In the heart of this boneyard stood the one and only headstone; wind-whipped, rain-lashed, yet still standing defiantly upright. It had no engraving, no epitaph, but it must have been erected to mark the last resting place of someone important enough to remain anonymous throughout eternity.
The whiff of something sour hung on the dank air as if in supernatural sympathy with the icy malice of the place. The oozy waste-ground festered something rotten which had the look of fermented marrow from discarded bones. Stinking juices seeped continuously to the surface like a wound turned septic or a sore that refused to heal.
Crossbones Cemetery was brimmed with soot-stained bricks on one side where the slums of the poor rose up to accommodate them. The rear was marked by a railway viaduct that looked down on the neglected garden not more than half an acre in size and must have given train travellers pause for thought: There but for the grace of God...

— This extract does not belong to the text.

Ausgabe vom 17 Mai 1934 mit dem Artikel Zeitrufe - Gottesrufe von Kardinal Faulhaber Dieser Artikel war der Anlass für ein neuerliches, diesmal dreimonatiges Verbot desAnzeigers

The other two sides were defined by a spiky iron fence that deterred foolhardy trespassers. One side fronted a brothel on Union Street which had a bright red door and some illustrious clients. The other side was punctuated with a gate that opened onto Redcross Way. This was a narrow lane that ran under the railway viaduct and came out onto the busy thoroughfare of Southwark Street. Opposite the gate was the broad back of a grey ghost of a church that blent into its grim surrounds.
In the fetid darkness two grave-diggers were scratching away at the blotted earth. Toiling industriously, toiling sinisterly - toiling in secret. Sweat sheened their dirty faces, vivid with fear under the rolling midnight moon, cold and bleak as death. Black clouds swarmed like harbingers of hell, minions of the Prince of Darkness, to shield them from the eyes of heaven. The winter wind hectored and bullied and gave a chilling cry.

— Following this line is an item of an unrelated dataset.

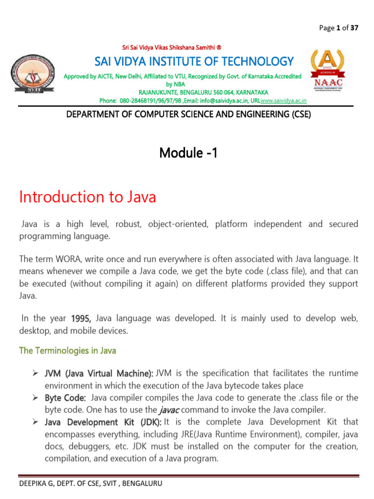 Java programming module 1 for bca students - PROGRAMMING IN JAVA MODULE ...

Hark! Hist! Scat! The fetch is coming!
Driven by one soulless quest, a fetch prowled the streets in search of itself, peering through uncurtained windows in the hope of seeing its own image…
Full of twitchy dread, the two grave-diggers worked feverishly, jumping at every shadow, starting at the haunted weeds that swayed to and fro like revenants stirring to unholy life, rising from the dead. Our body-snatchers appeared to be after a fresh corpse but...
Something queer shimmered in the lane.
Abandoning the gaping grave, they ran for their lives.
Chapter 1 - Pall Mall
Number 6 Mayfair Mews was not immune to the jaundiced ghosts of London winter. Reflected in the shallow grey puddles pockmarked with raindrops was spectral yellow gaslight, shivering and sickly, proof that not even the posh pavements gracing the red brick mansions would be spared the jolly curse of Christmastime.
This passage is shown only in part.